### Records shown
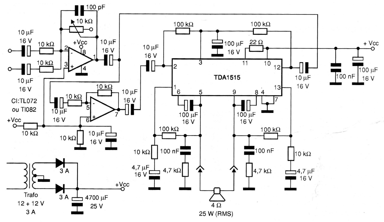The circuit presented was found in a 2009 publication, and is based on the TDA1515 integrated circuit, which is a full-channel two-channel audio amplifier capable of providing 25 Wrms with a 4-ohm load and configured in a bridge. For an amplifier to work in this configuration it is necessary that the audio signals at the inputs are 180º out of phase with each other. This is achieved by the two operational amplifiers that are in the inverter configuration. The first reverses 180º and the second reverses the first and its outputs are connected to the inputs of the TDA1515. The 10 k potentiometer acts as a volume control. The input of the first operator works as an adder and can be connected, for example, the outputs L (left) and R (right) of a CD player together.
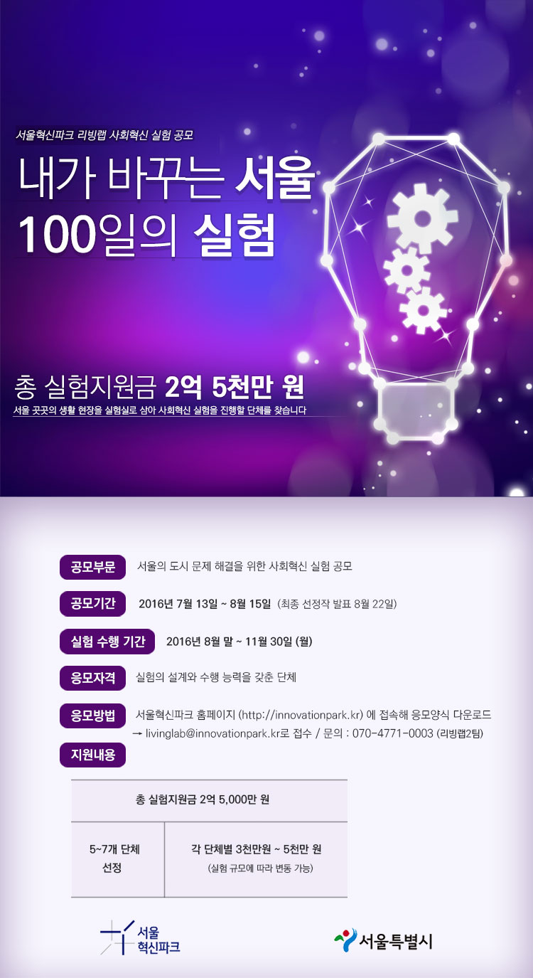 [공모] 「내가 바꾸는 서울, 100일의 실험」-서울혁신파크 리빙랩 ‘사회혁신 실험 공모’
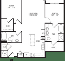 2 beds, 2 baths, 1,065 sqft
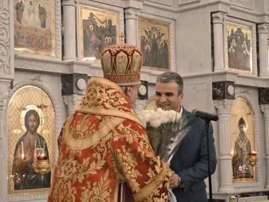 От имени губернатора Брянской области Александра Богомаза главу Клинцовской епархии с великим праздником Пасхи Христовой поздравил заместитель губернатора Виталий Свинцов. Он зачитал поздравительный адрес и преподнес в дар букет белых роз, символизирующих чистоту. На память о великом празднике Епископ Клинцовский и Трубчевский Владимир преподнес в ответ, следуя православной традиции, Виталию Александровичу пасхальное яйцо — знак новой жизни и воскресения.
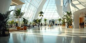 Waiting Area at Airport Terminal, Highlighting Tarmac Views, Flight Information Boards, and Anticipative Travelers
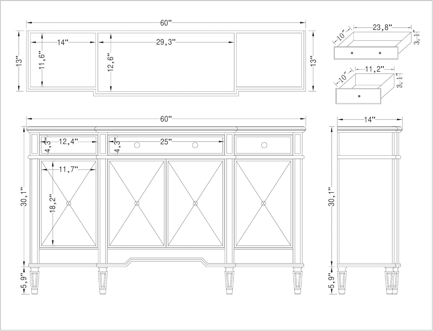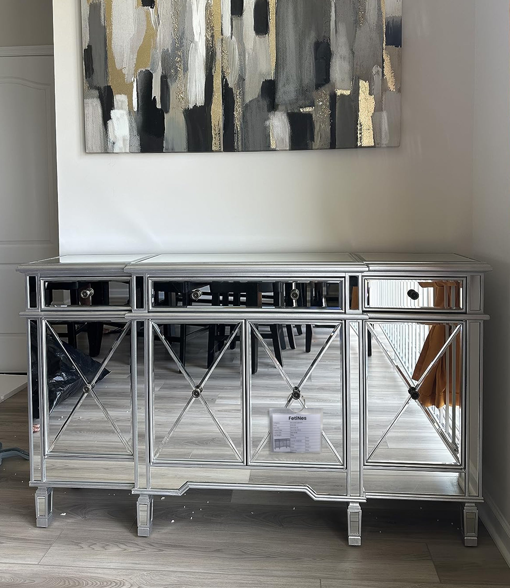 FetiNes 60" Silver Wood Frame Mirrored Storage Sideboard Buffet Cabinet
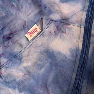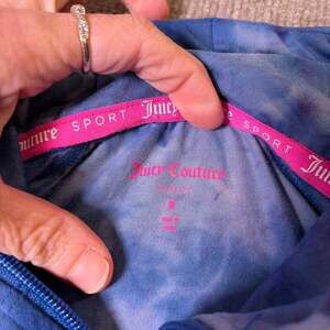 Juicy Couture Sport Tie-Dye Jacket, Women's Full Zip-Up — a stylish piece perfect for active wear or casual outings. This jacket features convenient pockets and a vibrant blue tie-dye pattern, making it a standout item. Made for comfort and style. Excellent pre-owned condition, no visible flaws.
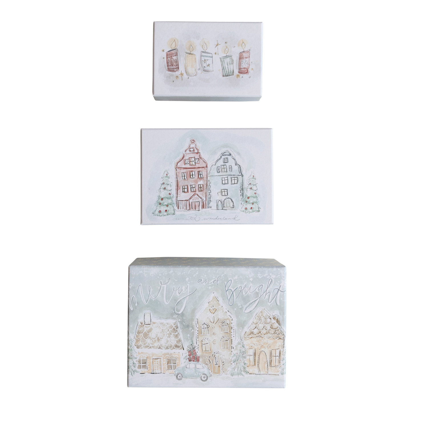 Catalog Name: 8"L x 6"W x 4"H, 7"L x 5"W x 3"H & 6"L x 4"W x 2"H Printed Recycled Paper Gift Box, Multi Color, Set of 3 ©
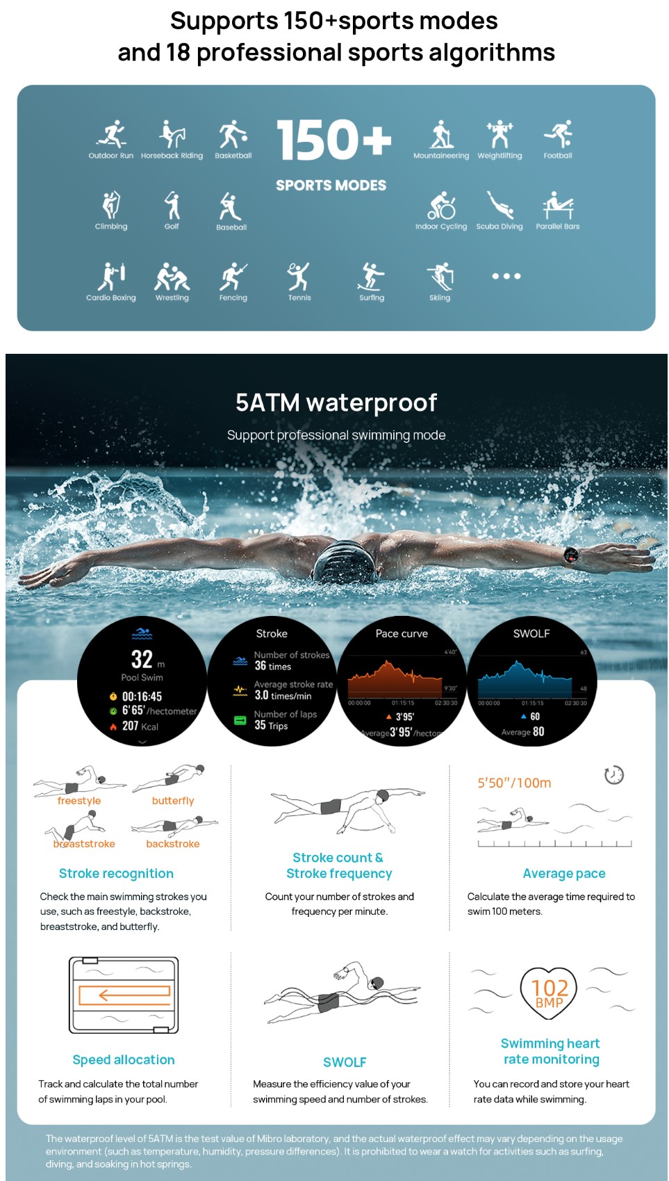 In addition, the watch features 14 sports modes, allowing users to track various activities, from running and swimming to cycling and gym training. Thanks to its IP68-certified water resistance, you can use it without worry during your most intense workouts or even while swimming.
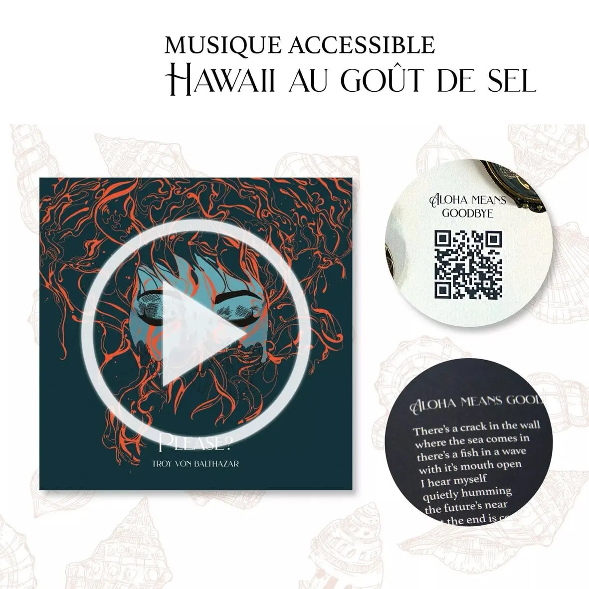Accessibles via des QR codes, la musique, les ambiances sonores et les voix de Julie et Troy nous entrainent au milieu du Pacifique, entre le sable blanc, les orchidées, les oiseaux de paradis et les ohia lahua aux fleurs rouges pour être témoins de l’amour de cet homme et de la femme requin.
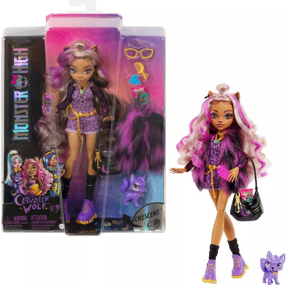 - Училището започна и духовете на Monster High™ се появяват в страшно страхотен стил! Куклата Clawdeen Wolf™ се разхожда по коридорите на Monster High™ в страхотен стил, който включва рокля с животински принт и дълга тениска с отпечатък на луна.
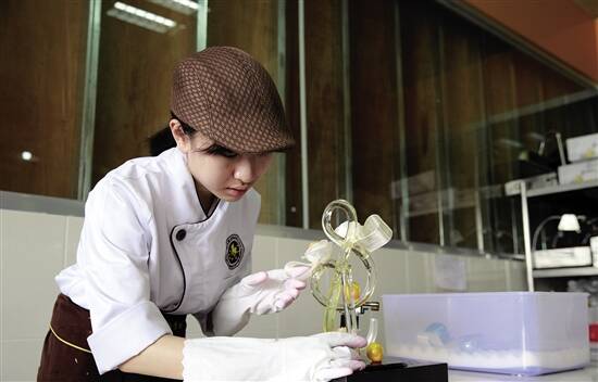烹饪专业学生陈雪仪在制作糖艺作品
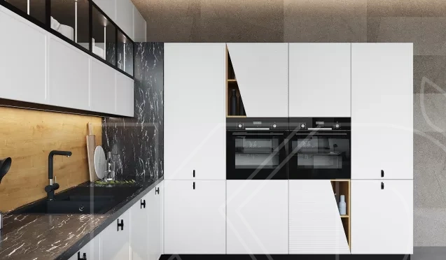 К светлой мебели можно подобрать рабочую поверхность и кухонный фартук в любых расцветках и фактурах. Очень часто используются контрастные версии. Например, коричневого, черного или серого цвета.

### Task objective
Copy needed, without pictures: the lines of the listing above from the line containing "От имени губернатора" up to and including the line containing "In addition, the", set down exactly.

### Answer
 От имени губернатора Брянской области Александра Богомаза главу Клинцовской епархии с великим праздником Пасхи Христовой поздравил заместитель губернатора Виталий Свинцов. Он зачитал поздравительный адрес и преподнес в дар букет белых роз, символизирующих чистоту. На память о великом празднике Епископ Клинцовский и Трубчевский Владимир преподнес в ответ, следуя православной традиции, Виталию Александровичу пасхальное яйцо — знак новой жизни и воскресения.
 Waiting Area at Airport Terminal, Highlighting Tarmac Views, Flight Information Boards, and Anticipative Travelers
 FetiNes 60" Silver Wood Frame Mirrored Storage Sideboard Buffet Cabinet
 Juicy Couture Sport Tie-Dye Jacket, Women's Full Zip-Up — a stylish piece perfect for active wear or casual outings. This jacket features convenient pockets and a vibrant blue tie-dye pattern, making it a standout item. Made for comfort and style. Excellent pre-owned condition, no visible flaws.
 Catalog Name: 8"L x 6"W x 4"H, 7"L x 5"W x 3"H & 6"L x 4"W x 2"H Printed Recycled Paper Gift Box, Multi Color, Set of 3 ©
 In addition, the watch features 14 sports modes, allowing users to track various activities, from running and swimming to cycling and gym training. Thanks to its IP68-certified water resistance, you can use it without worry during your most intense workouts or even while swimming.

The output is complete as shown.